+++ Data supplied
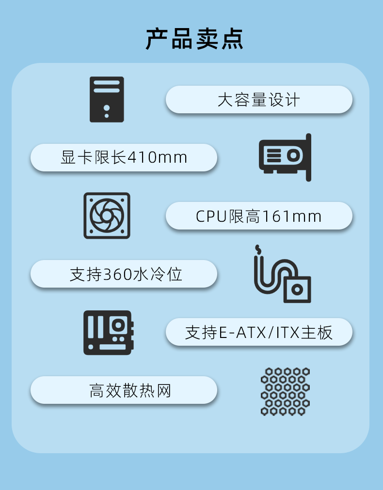 국경 간 파노라마 측면 투명한 컴퓨터 섀시 데스크탑 ATX 대형 마더 보드 360 물 냉각 지원스토어 가기
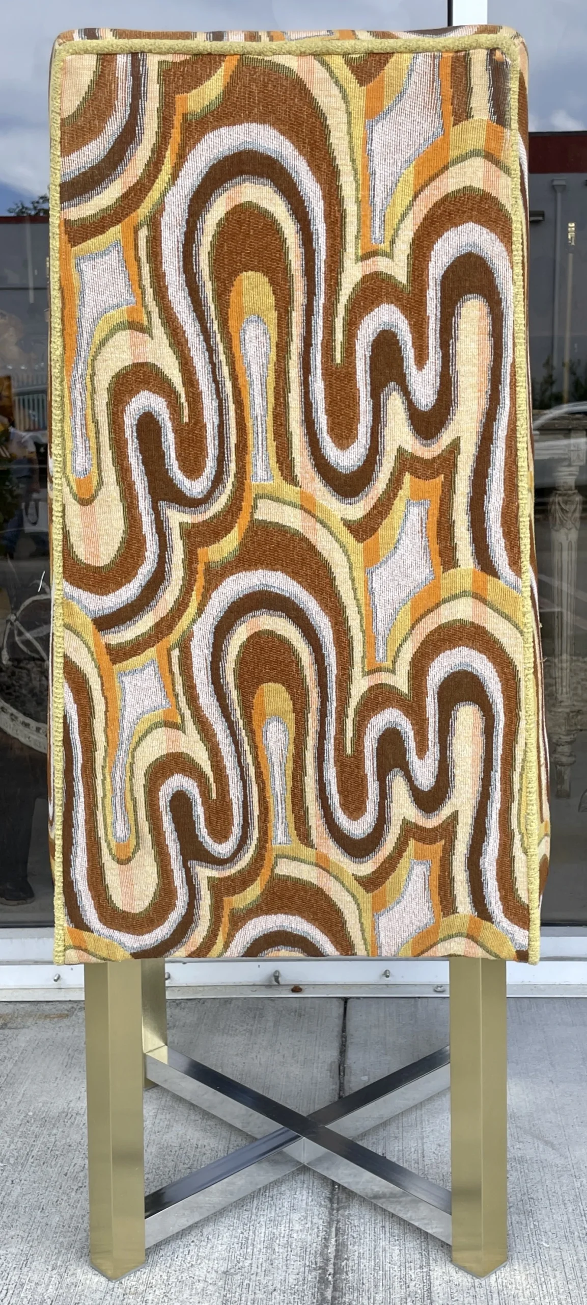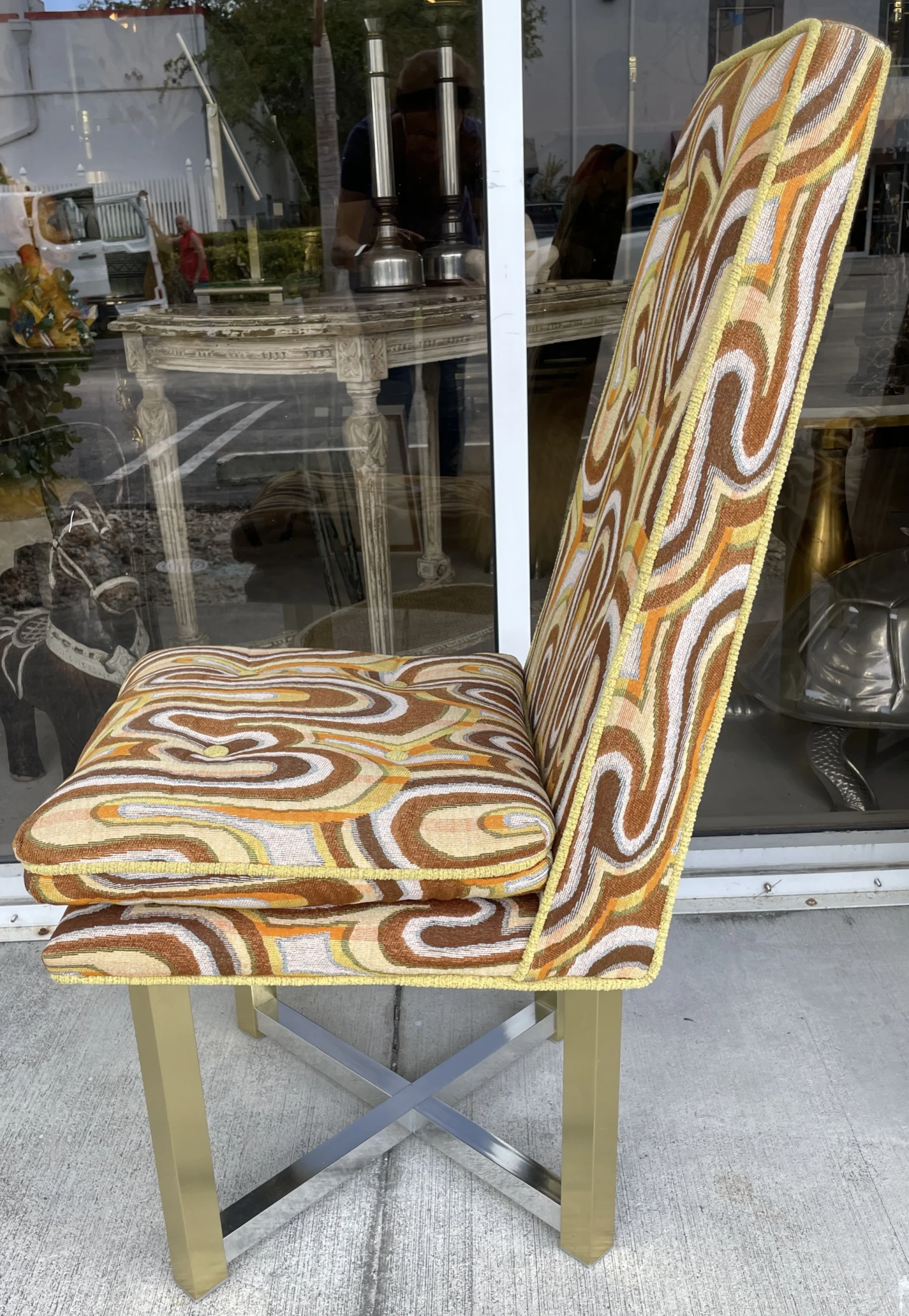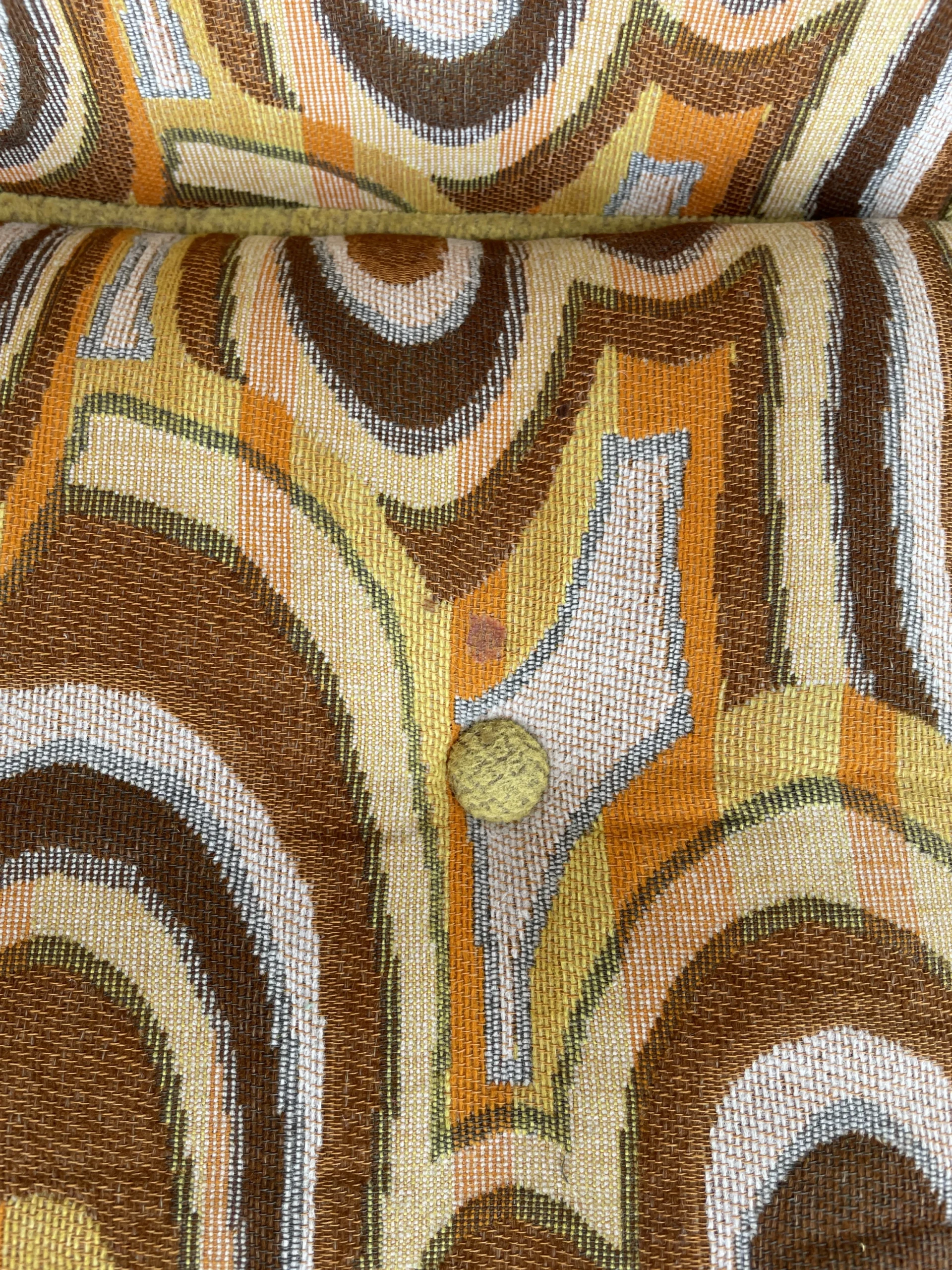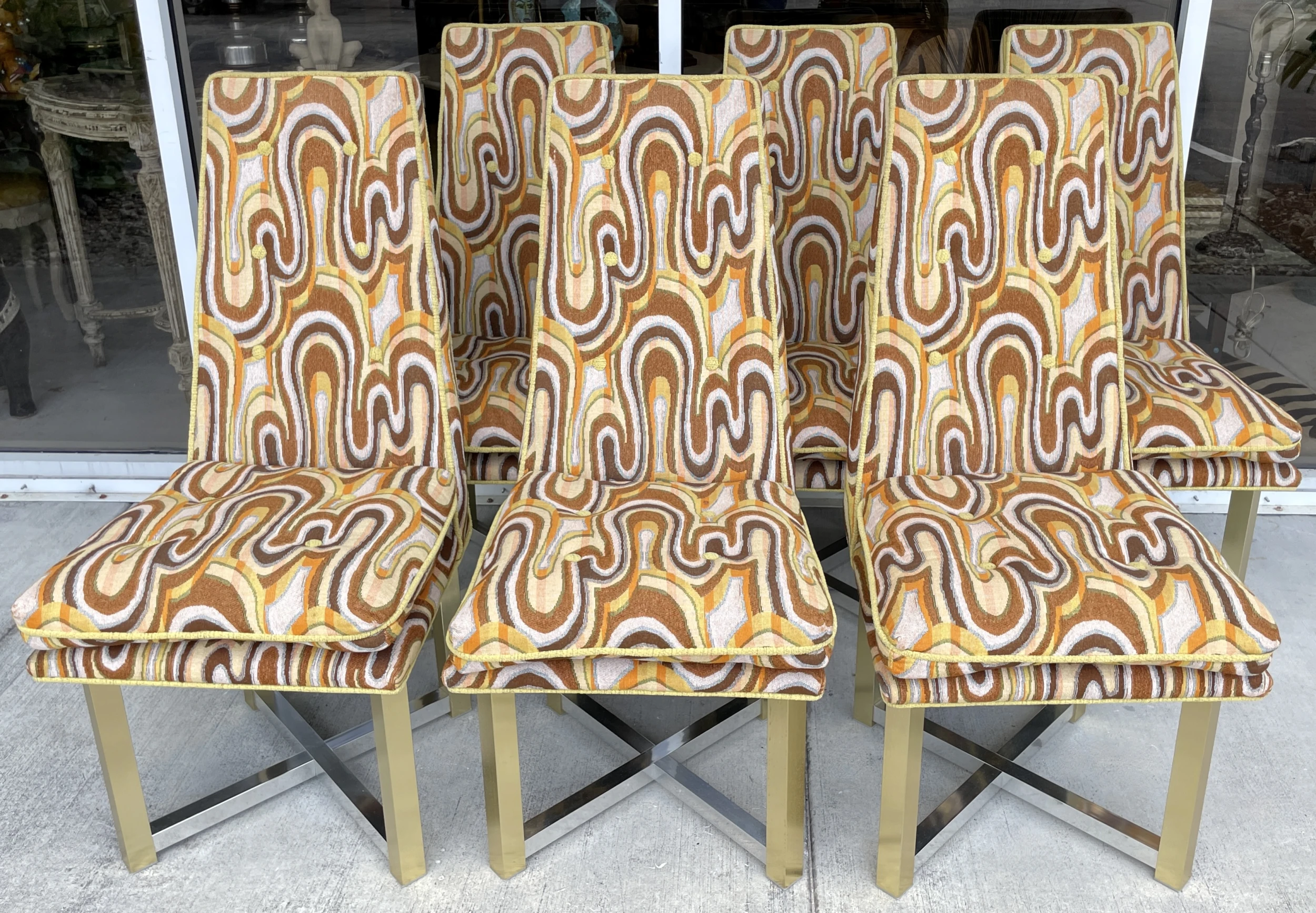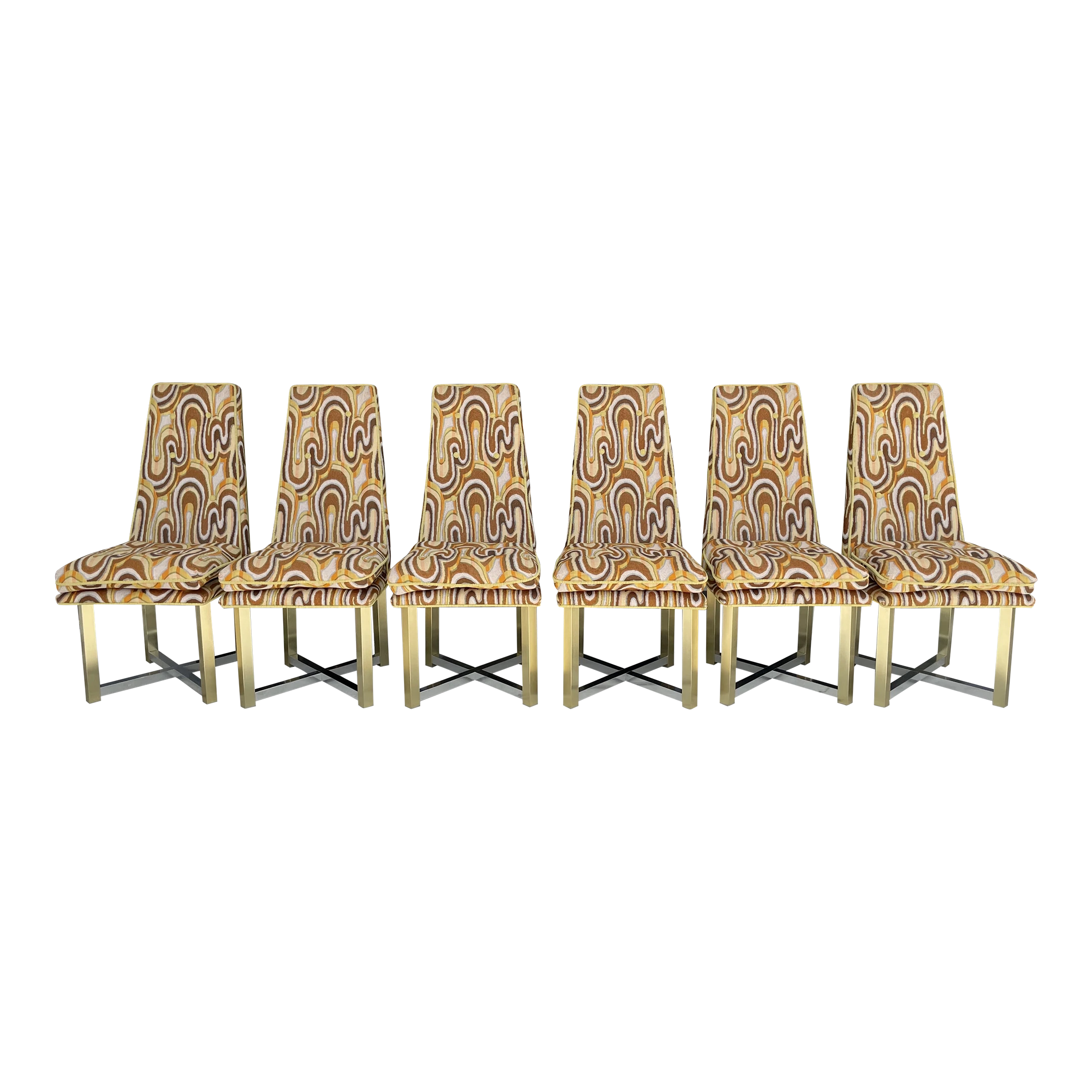 Space age cool set of 6 dining chairs from late 60’s. Incredibly catching fabric with legs in silver and gold aluminum. Fabric is original and has a wave pattern mixing tones of browns, yellow and orange on a lighter base. Some stains and one small cut. All these issues are shown in pictures and are hardly noticeable. Metal shows light wear with no oxidation. Chairs backs slightly move.
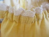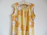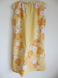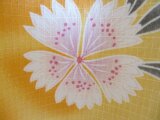 ゆかたをほどいて作りました。ゆかたにしては珍しい、黄色となでしこ柄が上品な印象を与えます。
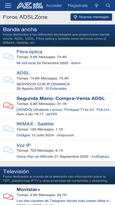 83%Entra en el Foro ADSLZone. Comunidad y foros de ADSLZone donde los usuarios plantean dudas y comparten opiniones relacionadas con la tecnología y telecomunicaciones. Te invitamos a que te unas a nuestros foros y participes Foros de ADSLZone Bienvenidos a la comunidad de ADSLZone.net. En nuestros...
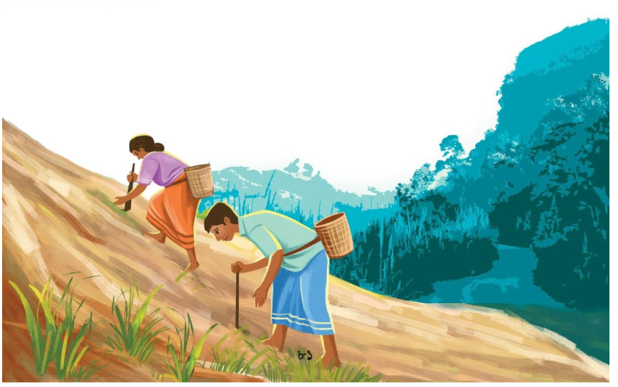 - এবার আমরা কাগজ কেটে/ড্রইং করে/গাছের পাতা/ডাল-পালা দিয়ে কিষাণ-কিষাণির অবয়ব কোলাজ তৈরি করতে/ রং করতে পারি বন্ধু খাতায়।
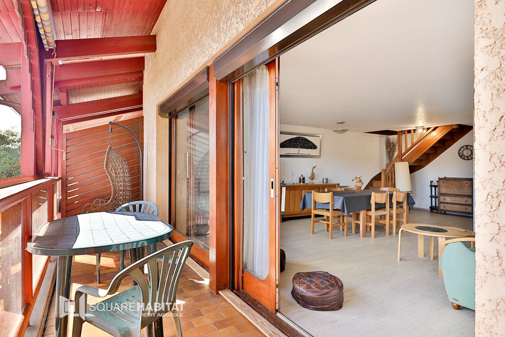 L'ensemble bénéficie également d'une grande terrasse ensoleillée et couverte très agréable pour profiter de son extérieur .
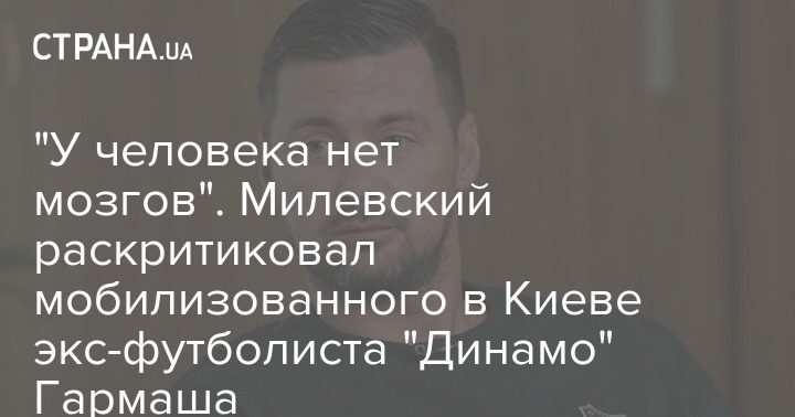 Колишній гравець збірної України з футболу Артем Мілевський заявив, що у екс-футболіста "Динамо" Дениса Гармаша "немає мізків", якщо він їздив уночі Києвом і був мобілізований.
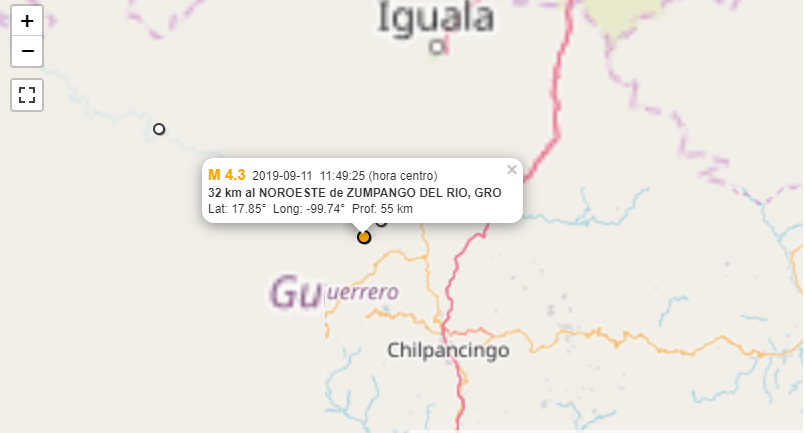 El primero se presentó a 32 km al noroeste del municipio de Zumpango del Río, y tuvo una magnitud de 4.3, con profundidad de 55 kilómetros.
++++++
An exact copy of all the entries above is required, with every picture left out.

Task result
 국경 간 파노라마 측면 투명한 컴퓨터 섀시 데스크탑 ATX 대형 마더 보드 360 물 냉각 지원스토어 가기
 Space age cool set of 6 dining chairs from late 60’s. Incredibly catching fabric with legs in silver and gold aluminum. Fabric is original and has a wave pattern mixing tones of browns, yellow and orange on a lighter base. Some stains and one small cut. All these issues are shown in pictures and are hardly noticeable. Metal shows light wear with no oxidation. Chairs backs slightly move.
 ゆかたをほどいて作りました。ゆかたにしては珍しい、黄色となでしこ柄が上品な印象を与えます。
 83%Entra en el Foro ADSLZone. Comunidad y foros de ADSLZone donde los usuarios plantean dudas y comparten opiniones relacionadas con la tecnología y telecomunicaciones. Te invitamos a que te unas a nuestros foros y participes Foros de ADSLZone Bienvenidos a la comunidad de ADSLZone.net. En nuestros...
 - এবার আমরা কাগজ কেটে/ড্রইং করে/গাছের পাতা/ডাল-পালা দিয়ে কিষাণ-কিষাণির অবয়ব কোলাজ তৈরি করতে/ রং করতে পারি বন্ধু খাতায়।
 L'ensemble bénéficie également d'une grande terrasse ensoleillée et couverte très agréable pour profiter de son extérieur .
 Колишній гравець збірної України з футболу Артем Мілевський заявив, що у екс-футболіста "Динамо" Дениса Гармаша "немає мізків", якщо він їздив уночі Києвом і був мобілізований.
 El primero se presentó a 32 km al noroeste del municipio de Zumpango del Río, y tuvo una magnitud de 4.3, con profundidad de 55 kilómetros.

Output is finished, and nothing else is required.